#### Task to carry out:
Omit every picture. Return all other data as it stands.

#### Recorded information:
******************************

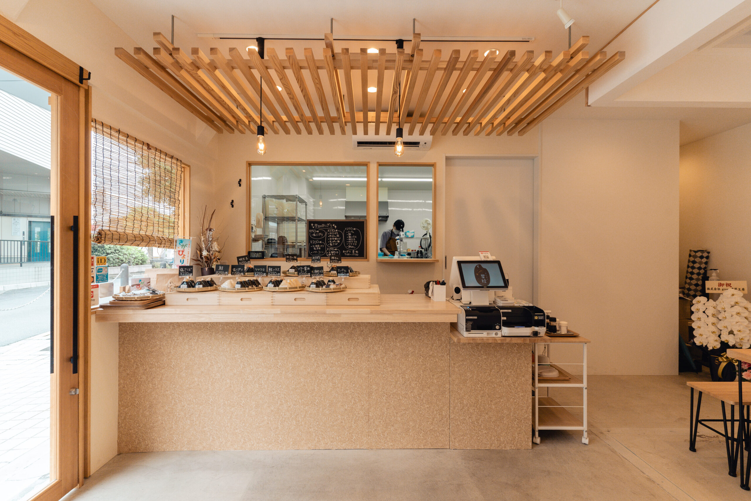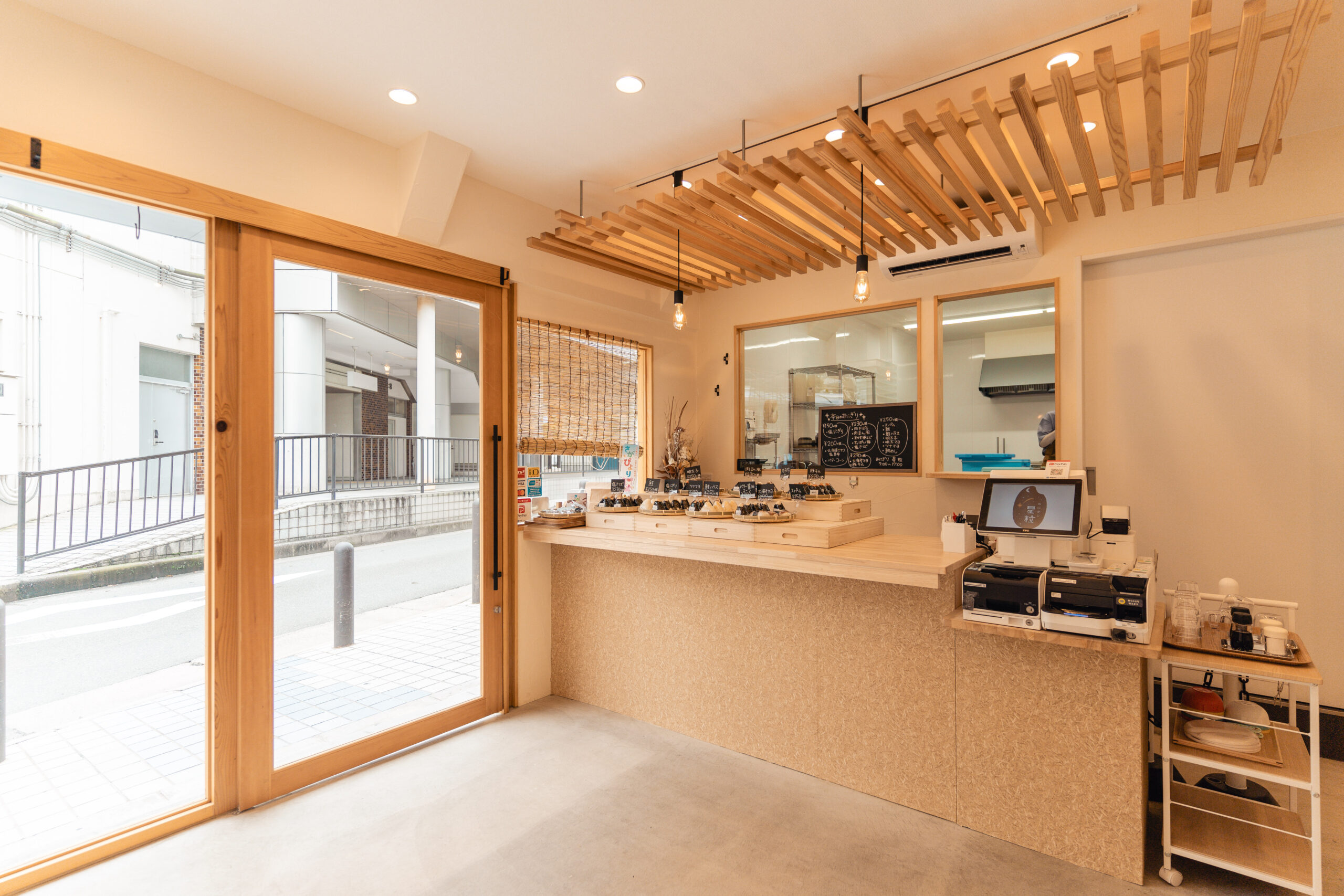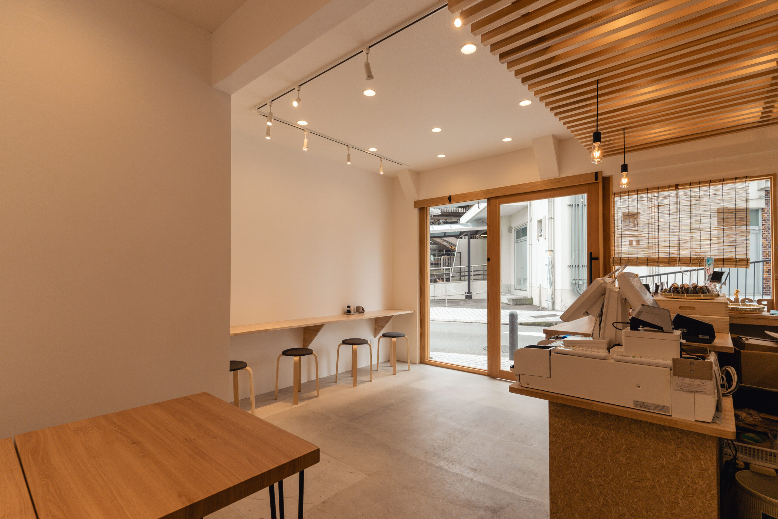 元々和風の店舗で綺麗な内装であったため、既存で使用できるカウンターや看板などは再利用して活用しました。また店内はイートインスペースを設けたいとのご要望で、倉庫として利用していた部屋の壁を取払い店内を広げてスペースを確保しました。
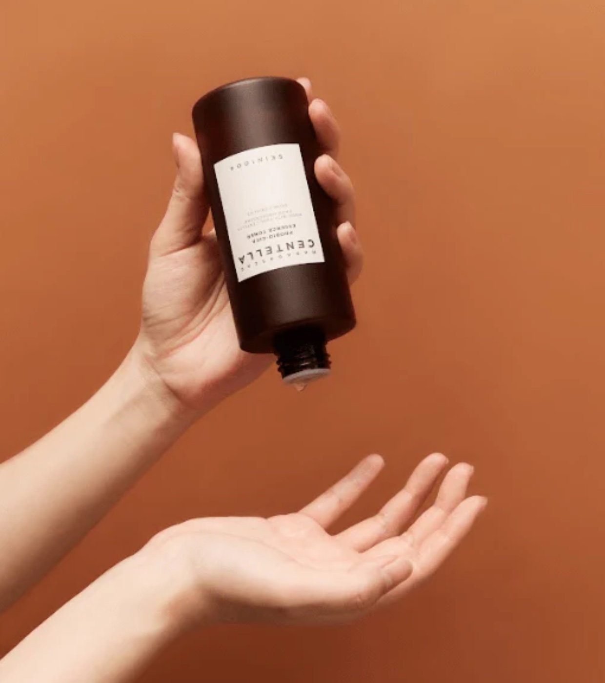 Combina Centella Asiatica fermentada de Madagascar, TEAK (princípios ativos da Centella Asiatica) com ácido hialurônico, ceramidas e probióticos.
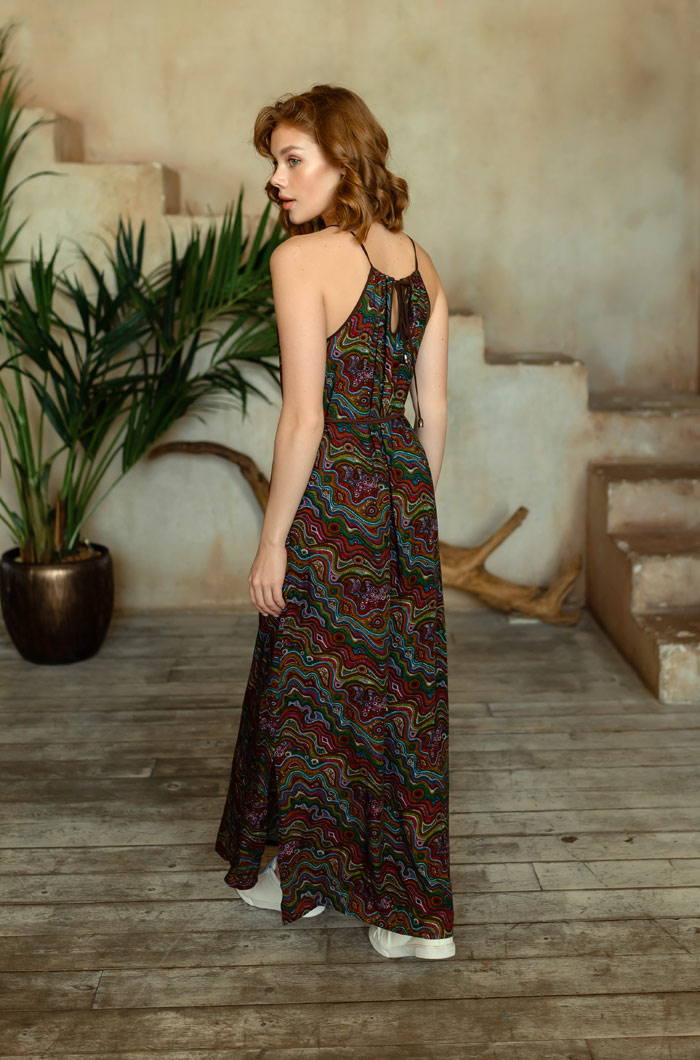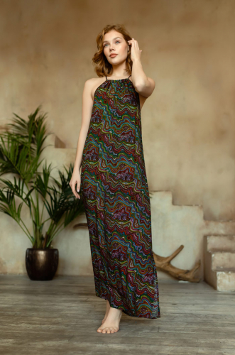 Длинное домашнее женское платье Миа-Миа прямого силуэта из яркой принтованной вискозы на поясе-шурке. Высота лифа регулируется с помощью шнура по горловине. Разрез по боковому шву. 100% вискоза

******************************

#### Solution for this problem:
 元々和風の店舗で綺麗な内装であったため、既存で使用できるカウンターや看板などは再利用して活用しました。また店内はイートインスペースを設けたいとのご要望で、倉庫として利用していた部屋の壁を取払い店内を広げてスペースを確保しました。
 Combina Centella Asiatica fermentada de Madagascar, TEAK (princípios ativos da Centella Asiatica) com ácido hialurônico, ceramidas e probióticos.
 Длинное домашнее женское платье Миа-Миа прямого силуэта из яркой принтованной вискозы на поясе-шурке. Высота лифа регулируется с помощью шнура по горловине. Разрез по боковому шву. 100% вискоза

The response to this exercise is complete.